Data to process:

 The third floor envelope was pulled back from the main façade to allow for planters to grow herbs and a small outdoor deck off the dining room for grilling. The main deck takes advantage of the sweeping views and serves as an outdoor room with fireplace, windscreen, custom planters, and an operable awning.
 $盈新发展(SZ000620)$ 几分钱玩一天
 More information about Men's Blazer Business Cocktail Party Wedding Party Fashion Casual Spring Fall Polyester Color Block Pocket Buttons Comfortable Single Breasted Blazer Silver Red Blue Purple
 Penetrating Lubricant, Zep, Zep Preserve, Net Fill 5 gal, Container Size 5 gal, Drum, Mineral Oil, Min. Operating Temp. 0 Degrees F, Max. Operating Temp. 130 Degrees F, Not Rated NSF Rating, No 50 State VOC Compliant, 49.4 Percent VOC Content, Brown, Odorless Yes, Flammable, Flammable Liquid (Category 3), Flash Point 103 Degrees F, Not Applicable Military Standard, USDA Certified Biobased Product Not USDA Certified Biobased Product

* * *

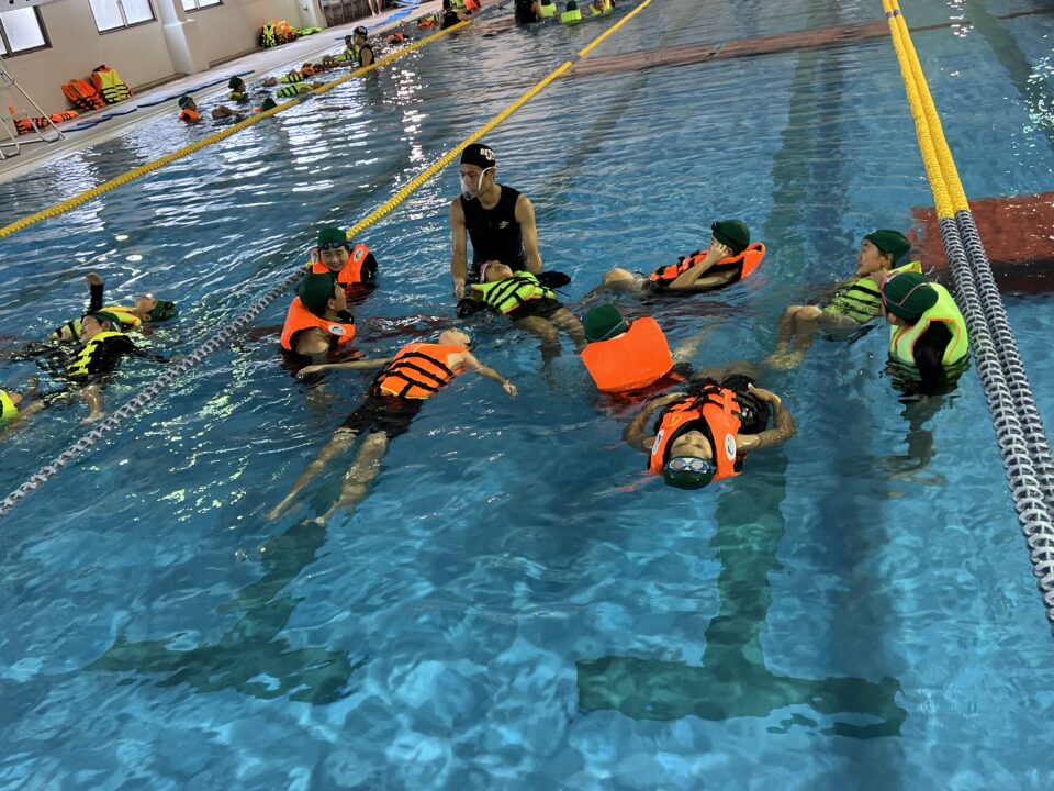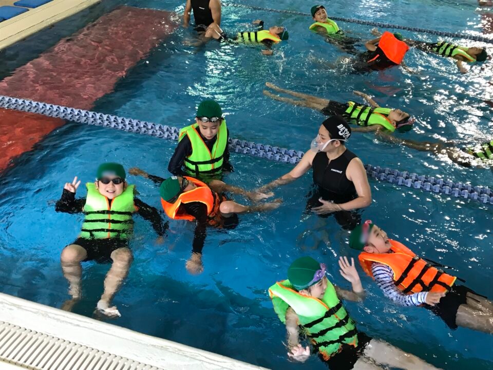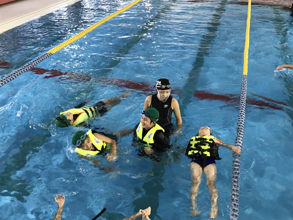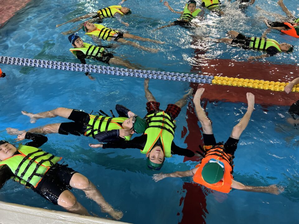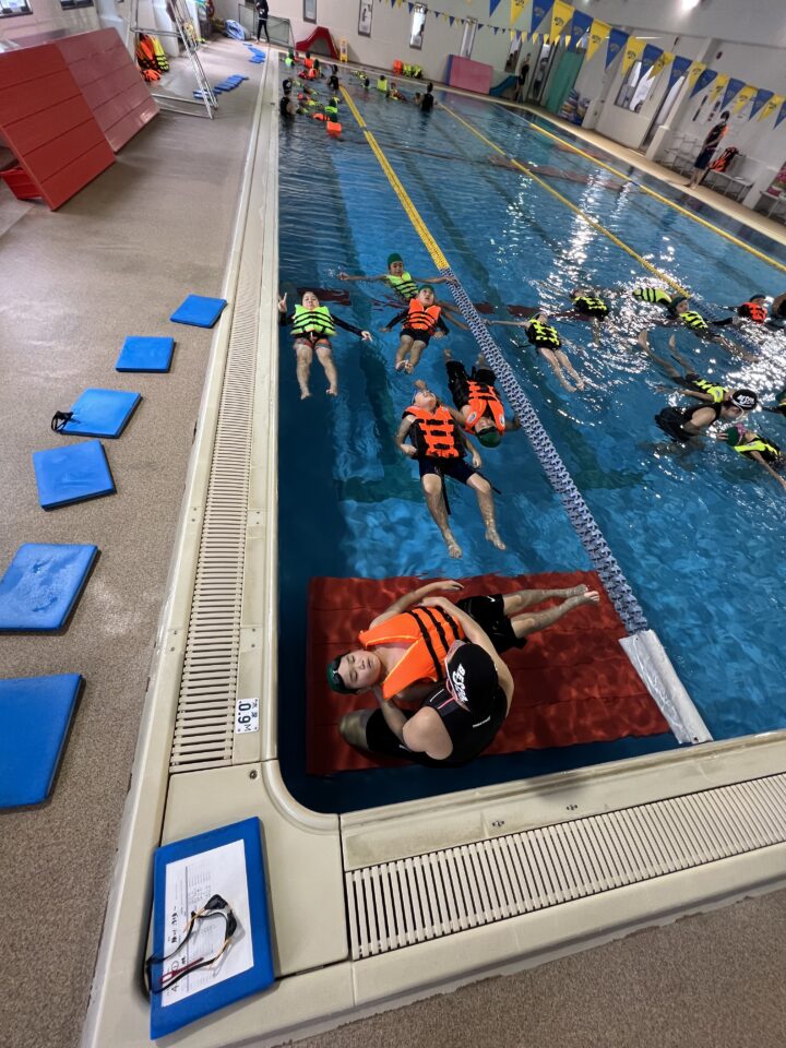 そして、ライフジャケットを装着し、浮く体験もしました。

* * *

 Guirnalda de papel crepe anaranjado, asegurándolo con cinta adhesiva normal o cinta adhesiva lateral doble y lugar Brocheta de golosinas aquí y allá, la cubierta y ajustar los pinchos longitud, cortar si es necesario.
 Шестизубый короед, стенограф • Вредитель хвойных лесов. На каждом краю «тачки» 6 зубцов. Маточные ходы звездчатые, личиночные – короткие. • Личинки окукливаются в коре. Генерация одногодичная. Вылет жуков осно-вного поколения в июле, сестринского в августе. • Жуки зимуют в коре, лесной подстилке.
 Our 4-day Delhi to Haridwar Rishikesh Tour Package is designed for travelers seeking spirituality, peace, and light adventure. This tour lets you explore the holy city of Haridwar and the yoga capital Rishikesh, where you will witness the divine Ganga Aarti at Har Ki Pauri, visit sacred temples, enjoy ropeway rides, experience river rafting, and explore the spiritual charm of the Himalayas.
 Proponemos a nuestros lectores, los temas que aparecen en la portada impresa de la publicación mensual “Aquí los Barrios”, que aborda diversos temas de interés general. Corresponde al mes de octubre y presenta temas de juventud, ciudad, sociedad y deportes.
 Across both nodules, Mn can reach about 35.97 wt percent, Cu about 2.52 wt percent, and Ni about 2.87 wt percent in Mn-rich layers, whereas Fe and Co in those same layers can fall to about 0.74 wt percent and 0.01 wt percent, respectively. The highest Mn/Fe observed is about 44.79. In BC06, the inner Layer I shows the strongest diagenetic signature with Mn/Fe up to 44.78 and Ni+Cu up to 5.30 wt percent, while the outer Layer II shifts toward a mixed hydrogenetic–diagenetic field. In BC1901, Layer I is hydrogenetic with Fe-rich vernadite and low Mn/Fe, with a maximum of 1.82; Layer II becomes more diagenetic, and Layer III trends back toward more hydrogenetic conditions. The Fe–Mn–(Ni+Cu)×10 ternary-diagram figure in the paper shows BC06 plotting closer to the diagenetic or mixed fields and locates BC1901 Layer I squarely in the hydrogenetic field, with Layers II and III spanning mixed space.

Exercise:
What are the lines, exactly as written above, from the line with "Proponemos a nuestros" to the line with "Across both nodules, Mn", both included? Output only those.

Result:
 Proponemos a nuestros lectores, los temas que aparecen en la portada impresa de la publicación mensual “Aquí los Barrios”, que aborda diversos temas de interés general. Corresponde al mes de octubre y presenta temas de juventud, ciudad, sociedad y deportes.
 Across both nodules, Mn can reach about 35.97 wt percent, Cu about 2.52 wt percent, and Ni about 2.87 wt percent in Mn-rich layers, whereas Fe and Co in those same layers can fall to about 0.74 wt percent and 0.01 wt percent, respectively. The highest Mn/Fe observed is about 44.79. In BC06, the inner Layer I shows the strongest diagenetic signature with Mn/Fe up to 44.78 and Ni+Cu up to 5.30 wt percent, while the outer Layer II shifts toward a mixed hydrogenetic–diagenetic field. In BC1901, Layer I is hydrogenetic with Fe-rich vernadite and low Mn/Fe, with a maximum of 1.82; Layer II becomes more diagenetic, and Layer III trends back toward more hydrogenetic conditions. The Fe–Mn–(Ni+Cu)×10 ternary-diagram figure in the paper shows BC06 plotting closer to the diagenetic or mixed fields and locates BC1901 Layer I squarely in the hydrogenetic field, with Layers II and III spanning mixed space.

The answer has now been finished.